• Goal of the exercise
Please write out only the lines from the line with "Crisis presupuestaria en" to the line with "Se tedes calquera", inclusive, exactly as they stand below, without the pictures.

• Provided records

====

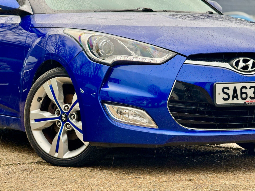 This 2013 Hyundai Veloster GDi Sport presents a compelling proposition with its remarkably low mileage of just 74,000 miles for a vehicle of its age. This particular example, a GDi Sport variant with the Sport trim, is powered by an efficient 1.6 litre petrol engine. Inside, you'll find a comfortable and convenient cabin featuring heated front seats for those colder mornings, keyless entry, and a push button start stop system. The car also benefits from automatic headlights, climate control for consistent cabin temperature, and Bluetooth connectivity complete with voice recognition, allowing for seamless integration of your mobile device.The Hyundai Veloster GDi Sport offers a number of advantages that set it apart. Its acceleration from 0 to 62 miles per hour in just 9.7 seconds provides a responsive driving experience. Furthermore, this model boasts a low insurance group, which can contribute to lower running costs. Practicality is also a strong point, with generous boot space making it suitable for everyday errands and longer journeys alike. These combined attributes highlight how this Veloster is a well rounded choice for those seeking a distinctive and capable vehicle.. 18in Alloy Wheels with Colour Inserts, 7in Touch Screen Media Centre, ABS - Anti-Lock Brake System, Airbags - Driver, Airbags - Front Passenger, Airbags - Front Side, Airbags - Full Length Curtain, Alloy Pedals, BAS - Brake Assist System, Bluetooth Connectivity with Voice Recognition, Childproof Rear Door Locks, Chrome Effect Interior Door Handles, Cigarette Lighter and Ashtray, Climate Control, Cruise Control, Cup Holders - Front, Cup Holders - Rear, Daytime Running Lights - LED, Deadlocks, Door Handles - Body Coloured, Door Mirrors - Electric Folding, Door Mirrors - Electrically Adjustable and Heated with Integrated LED Indicators, Driver Seat Height Adjustment, EBD - Electronic Brake Force Distribution, ESP - Electronic Stability Programme, Eco Drive Indicator, Electric Heated Door Mirrors with Integrated Indicators, Electric Windows - Front and Rear with Drivers Anti-Trap and One-Touch Up-Down Control, Front Door Pockets, Front Fog Lights, Front Head Restraints - Vertical and Horizontal Adjustment, Front Map Reading Lights, Front Passenger Airbag De-Activation Switch, Front Seat Back Pockets, Glove Compartment with Illumination and Lock, Head Restraints - Active Front, Headlights - Automatic, Heated Front Seats, ISOFIX Child Seat Anchorage Points - Rear - Outer Rear, Interior Central Cabin Light, Interior Lights Including Cargo Area, Interior Trim - Gloss Black Effect Fascia, Keyless Entry and Engine Start-Stop Button, Locking Wheel Nuts, Luggage Compartment Light, Luggage Hooks, Luggage Net, Panoramic Sunroof - Electric Tilt and Slide, Power Assisted Steering, Projection Headlights, RDS Radio-CD Player with MP3 Compatibility, Rear Spoiler with Integrated LED Brake Light, Remote Central Locking, Reversing Sensors, Seatbelt Reminder - Front, Spare Wheel - Temporary, Speakers x4, Speed Sensitive Automatic Door Locking, Split Folding Rear Seats - 60-40, Steering Column - Height and Reach Adjustable, Steering Wheel - Audio Controls, Steering Wheel - Leather and Gear Knob, Sun Visors with Vanity Mirrors and Illumination, Sunglasses Holder, Supervision Instrument Cluster, Tail Lights - LED, Thatcham Category 2 Approved Alarm, Trip Computer, Tyre Pressure Monitoring System - TPMS, USB and AUX Connections, VSM - Vehicle Stability Management.
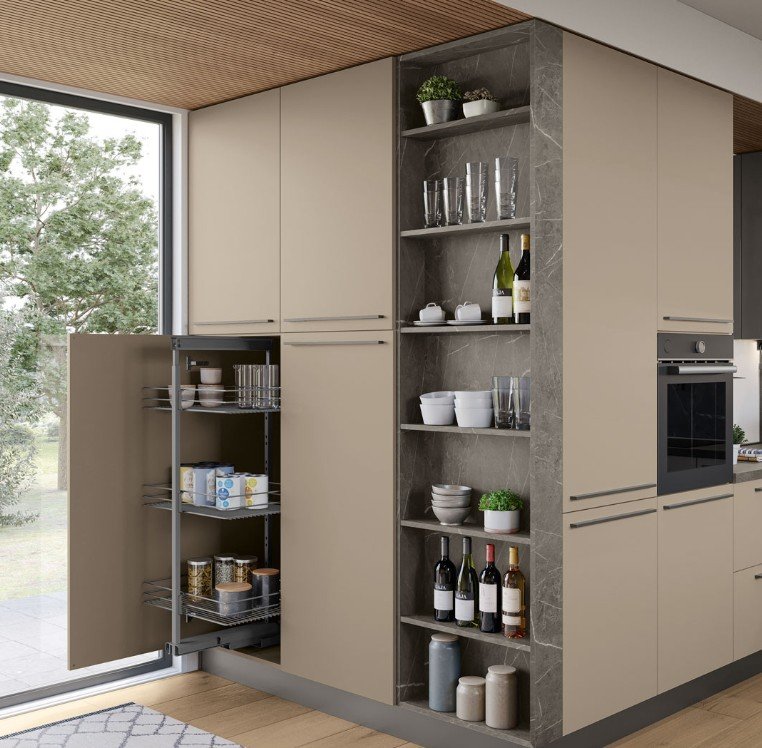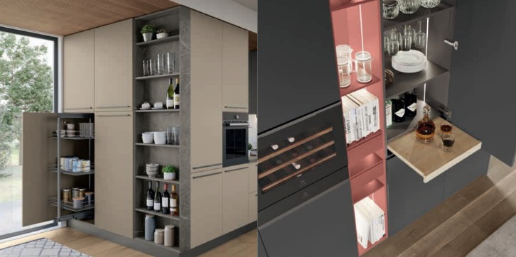 Vysoká skříň s výsuvným košem – výsuvné vnitřní doplňky pro sloupce z katalogu „Inside-K“ a nový otevřený koncový prvek „Row“, dostupné v různých barvách.
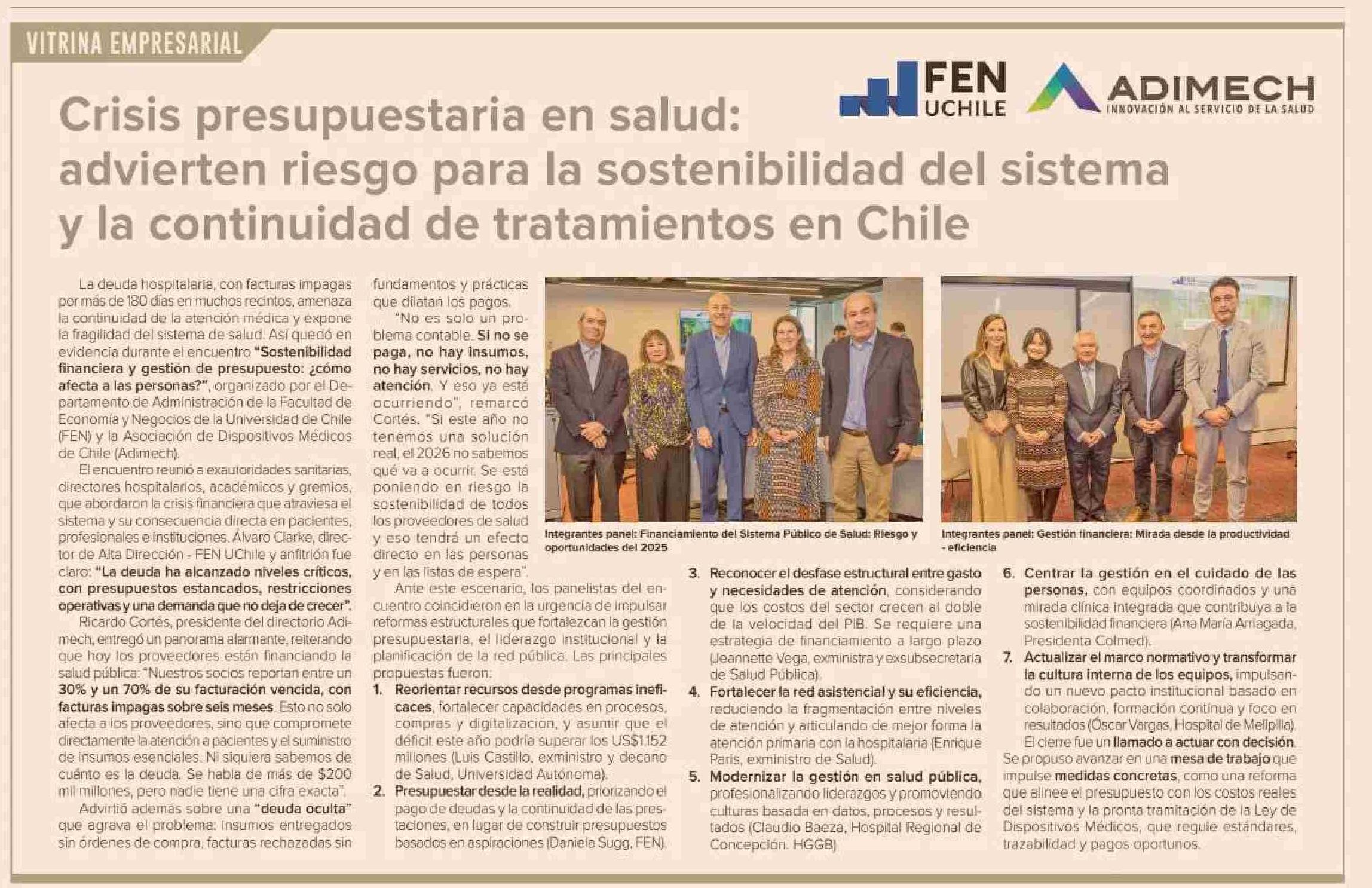 Crisis presupuestaria en salud: advierten riesgo para la sostenibilidad del sistema y la continuidad de tratamientos en Chile 13-05-2025 Diario Financiero |
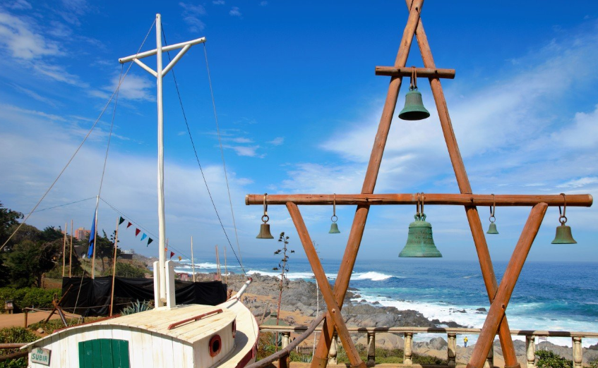 黑岛则是聂鲁达故居中最为著名的一处,位于距圣地亚哥约150公里的圣安东尼奥港附近。1937年从动荡的欧洲回到智利,聂鲁达想要寻找一处安静的居所创作《漫歌》,便从一位海军上校手里买下了这幢面朝太平洋的石屋,并不断改造,直至它变为一栋船型别墅。
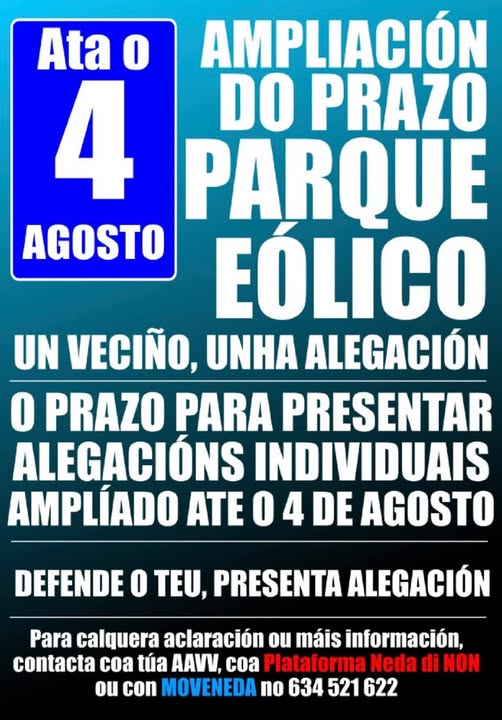 Se tedes calquera dúbida, acodide a vosa AAVV, a Plataforma NEDA DI NON ou a Moveneda no tlfno. 634 521 622
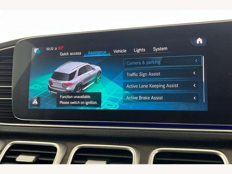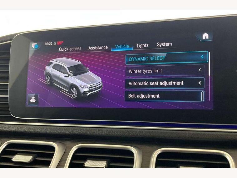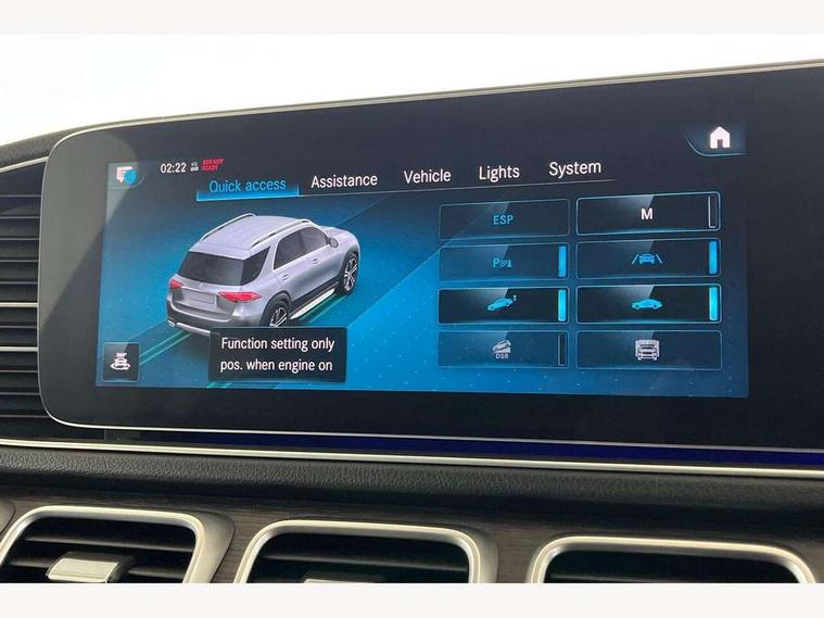 Attention assist, Blind spot assist, Brake wear warning display, Cockpit display 12.3" widescreen digital instrument cluster, Cruise control with variable speed limiter, Direct steer speed sensitive steering, DYNAMIC SELECT with a choice of driving modes (ECO, Comfort, Sport and Individual), Easy-pack tailgate - Powered opening/closing automatically, ECO start/stop function, Geofencing, Hard-disk navigation, Hey Mercedes Voice activation, High resolution 12.3" multimedia colour display, Lane keeping assistant (LKA), MBUX augmented reality for navigation, Mercedes me connect including emergency call system, accident recovery, breakdown and maintenance management, Outside temperature display, Remote boot release, Service indicator (ASSYST), Smartphone integration with Apple CarPlay and Android auto, Speed limit assist, Status display for rear seat belts in instrument cluster, Traffic Sign Assist, Traffic sign recognition including wrong way warning function and display of posted speed limits in the instrument cluster, Trip computer in multifunction display showing current fuel consumption, Wireless charging system for mobile devices, 85 litre fuel tank, Agility control suspension with selective damping system and lowered by 15mm, Diesel particulate filter (DPF), Incorrect fuelling protection, DAB Digital radio, Dual bluetooth interface, 2 USB ports (type C), MBUX multimedia system with DAB digital radio and touchpad including satellite navigation, Adaptive brake lights, Adaptive high beam assist, Aerial for GPS, Aluminium look, illuminated running boards with rubber studs, AMG bodystyling front and rear aprons and side skirts in polished aluminium, Body colour door mirrors, Body coloured bumpers, Electric windows with one touch opening/closing and obstruction sensors, Exterior mirrors heated and electronically adjustable, Front green tinted glass, Illuminated front door sill panels with "AMG" lettering, LED rear lights, Multi beam LED headlights, Privacy glass - heat insulating dark tinted glass, Radiator grille with integrated star and single louvre in matt iridium silver with chrome trim, Radio aerial integrated into rear window, Rain sensing windscreen wipers, Rear wiper, Roof rail system, Top surround of side windows in polished aluminium, Visible twin pipe exhaust system integrated into bumper, Waistline in polished aluminium, 3 spoke AMG multifunction steering wheel with touch control buttons, trimmed in black nappa leather with flattened bottom section, 4 way adjustable front head restraints and 2 way rear head restraints, 4 way lumbar support, 40:20:40 split folding rear seats, AMG brushed stainless steel sports pedals with rubber studs, AMG floor mats with AMG lettering, Artico man-made leather upper dashboard with contrast topstitching, Automatic child seat recognition sensor, Black fabric roof liner, Central stowage compartment with 12 V socket in centre console, Chrome door pins, Courtesy lights in rear grab handles with reading light functionality, Four way fully front electric seat adjustment, Front centre armrest with stowage compartment and illuminated grab handles, Glasses compartment in overhead control panel, Glove compartment - lockable, air conditioned and illuminated, Heated front seats, Interior lighting - 64 colour Ambient lighting, Nappa leather upholstery, Seat occupancy sensor for front passenger seat, Second row three seats, Steering column manually adjustable for height and reach, Steering wheel multifunction with gearshift paddles, Sunvisors with illuminated vanity mirrors, Touchpad, Two zone automatic climate control, Anti theft Protection package - GLE, Memory package - GLE, Mirror package - GLE, Parking package with 360 camera - GLE, Active bonnet, Active braking assist, Adaptive brake system with HOLD function and brake drying in the wet, Airbags - driver and front passenger, with extended adaptivity for front passenger airbag, Airbags - sidebag for driver and front passenger with combined thorax/pelvis bag, Airbags - windowbags, Anti-lock braking system (ABS), Childproof locks manually operated for rear doors and electrically operated for rear power windows, Drivers knee airbag, Electronic parking brake, Electronic Stability Programme (ESP), ISOFIX child seat attachment points two outer rear seats, Perforated front brake discs and brake calipers with Mercedes-Benz lettering, Pre-Safe anticipatory safety system, Three point rear seat belts, Tyre pressure monitoring system and loss warning system, Warning triangle and first aid kit, Alarm system/interior protection/immobiliser, Central locking with interior switch, automatic locking and crash sensor with emergency opening function, Chrome surround in electric key, Keyless Go starting function, Dashboard and door, anthracite open pore oak wood trim, Trim - Centre console, anthracite open pore oak wood trim, 21" AMG multi spoke light alloy wheels painted in himalayas grey with high sheen finish, Summer tyres with noise reducing absorber, TIREFIT with tyre inflation compressor,

====

• Solution to this problem
 Crisis presupuestaria en salud: advierten riesgo para la sostenibilidad del sistema y la continuidad de tratamientos en Chile 13-05-2025 Diario Financiero |
 黑岛则是聂鲁达故居中最为著名的一处,位于距圣地亚哥约150公里的圣安东尼奥港附近。1937年从动荡的欧洲回到智利,聂鲁达想要寻找一处安静的居所创作《漫歌》,便从一位海军上校手里买下了这幢面朝太平洋的石屋,并不断改造,直至它变为一栋船型别墅。
 Se tedes calquera dúbida, acodide a vosa AAVV, a Plataforma NEDA DI NON ou a Moveneda no tlfno. 634 521 622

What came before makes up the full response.